Stored entries
+ + + + +

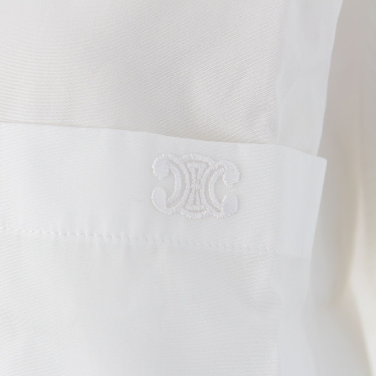 セリーヌ 23SS コットンポプリン トリオンフ刺 ルーズ ドレス 長袖シャツ トップス 2C943091F ホワイト 36
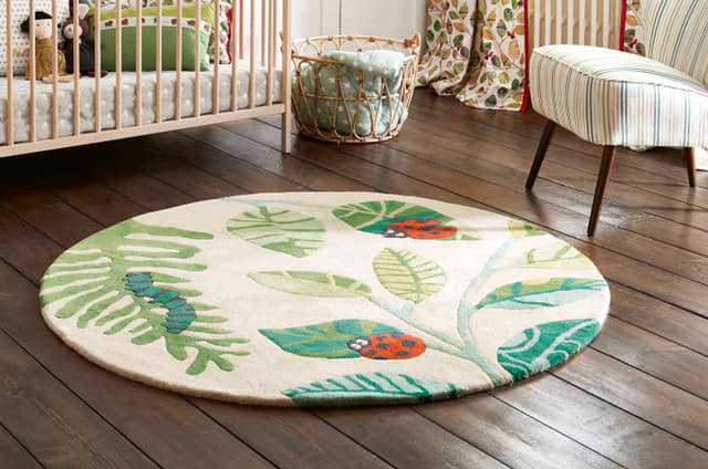 La alfombra es complemento de decoración casi imprescindible en la habitación de los peques, y ésta de esta colección es redonda de 140 de diámetro con un diseño de bonitas mariquitas que se arrastran felizmente sobre las hojas estampadas, mientras que una oruga mira de cerca.
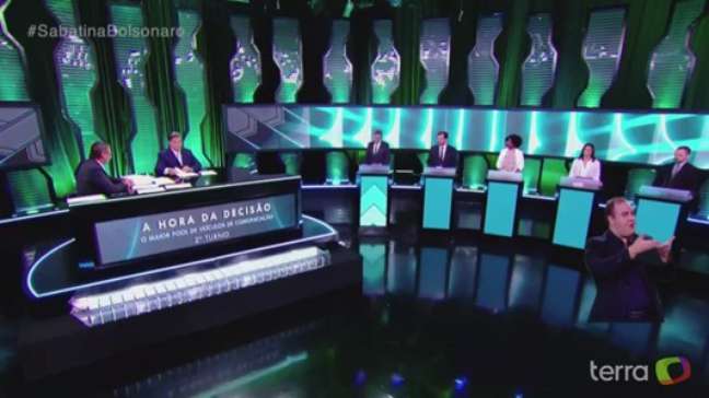 O presidente e candidato à reeleição Jair Bolsonaro (PL) esteve presente na sabatina realizada por Terra, Estadão/Rádio Eldorado,SBT, CNN, Veja e Rádio Nova Brasil nesta sexta-feira, 21. Luiz Inácio Lula da Silva (PT) também foi convidado para o que seria um debate entre os presidenciáveis, mas recusou alegando incompatibilidade com a agenda de campanha.
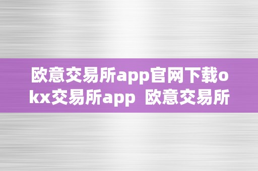 欧意交易所app官网下载okx交易所app 欧意交易所APP官网下载及OKX交易所APP介绍
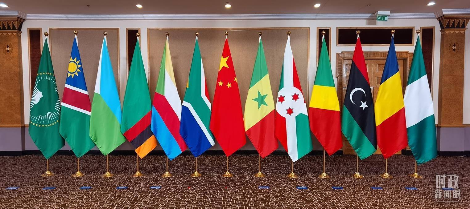 △中非領(lǐng)導(dǎo)人對(duì)話會(huì)會(huì)場(chǎng)擺放的與會(huì)各方旗幟。(總臺(tái)央視記者郭鴻拍攝)
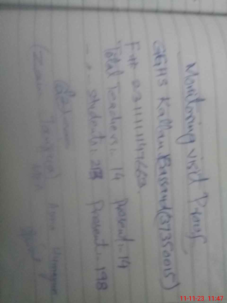 | Attendance Register | Head Teacher | MEA with School | Visit Proof |

+ + + + +

» EXERCISE GOAL
Set down the records above word for word, from the first line through the line containing "La alfombra es", both included; leave out the pictures.

» RESULT OF THE TASK
 セリーヌ 23SS コットンポプリン トリオンフ刺 ルーズ ドレス 長袖シャツ トップス 2C943091F ホワイト 36
 La alfombra es complemento de decoración casi imprescindible en la habitación de los peques, y ésta de esta colección es redonda de 140 de diámetro con un diseño de bonitas mariquitas que se arrastran felizmente sobre las hojas estampadas, mientras que una oruga mira de cerca.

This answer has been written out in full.